Hi there,
Brand new to Temporal and I’m still working my way through the documentation and videos, so I apologize in advance if this is a stupid question
Here is an outline of my current data pipeline (let’s call it MyDataPipeline), which is a workflow that can take many hours. I am hoping to simplify the structure with Temporal.
- ServiceA is used to pre-process a large amount of input data. This can take 5-45 minutes depending on the amount of data. Once it is done, it enqueues N tasks into a message queue for ServiceB.
- These tasks are processed in parallel by ServiceB, and they can take hours. Once all N of these tasks are done, ServiceB enqueues a task for ServiceC.
- ServiceC performs post-processing that can also take hours.
The business logic for Services A, B, and C all involve calls to external systems, each of which can fail obviously. A few other details:
- We own all 3 services but we do not own all of the external systems that they depend on.

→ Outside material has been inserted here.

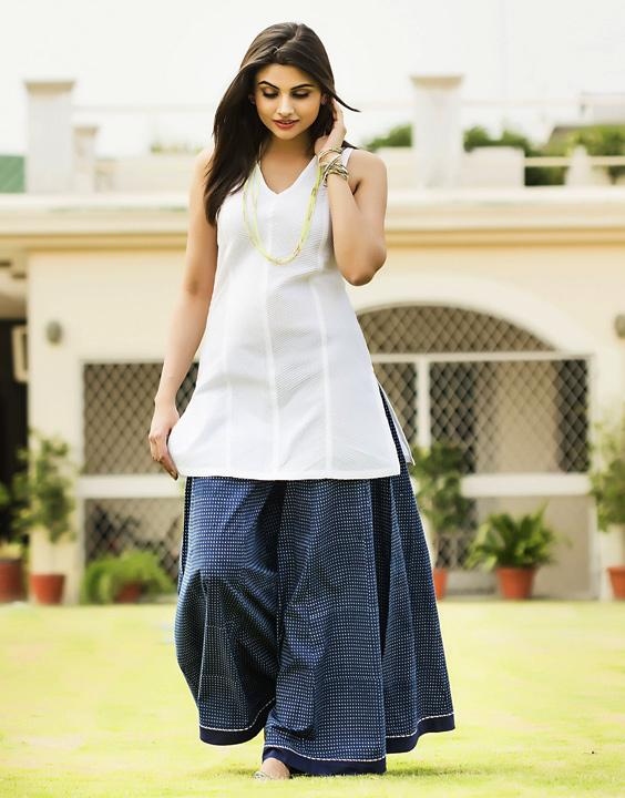कंफर्ट के साथ स्टाइल चाहती हैं तो अपनी कुर्ती के साथ पलाजों को पेयर करें। फ्लोई पलाजो के साथ कुर्ती गर्मियों के लिए सहज और ट्रेंडी विकल्प है। इसके साथ मिनिमल ज्वेलरी पेयर करें।

- Services A, B, and C are used by other data pipelines, not just MyDataPipeline.
- The work that is performed by A, B, and C is different enough that ideally it would be performed by workers on different machines that are optimized for their respective purposes.
Conceptually, I think of the business logic of this data pipeline with this (oversimplified) pseudocode:
func InvokeDataPipeline(data []byte) {
serviceBTasks := serviceA.preprocess(data)
for _, sbt := range serviceBTasks {
// each sbt can be processed in parallel, but for simplicity I'm showing it
// sequentially for this pseudocode
serviceB.process(sbt)
}
serviceC.postprocess()
}
This seems like it could pretty easily be transformed with Temporal, where InvokeDataPipeline is the Temporal workflow and each call to services A-C would be an activity. However, as I mentioned, the work performed by services A-C make external calls to other systems, too, and additionally, it would be best for these tasks to be be performed on dedicated and optimized A/B/C machines.
Is Temporal right for this type of pipeline? If so, I’m hoping to understand what type(s) of Temporal pattern(s) are suggested for this sort of use case.
Thank you in advance!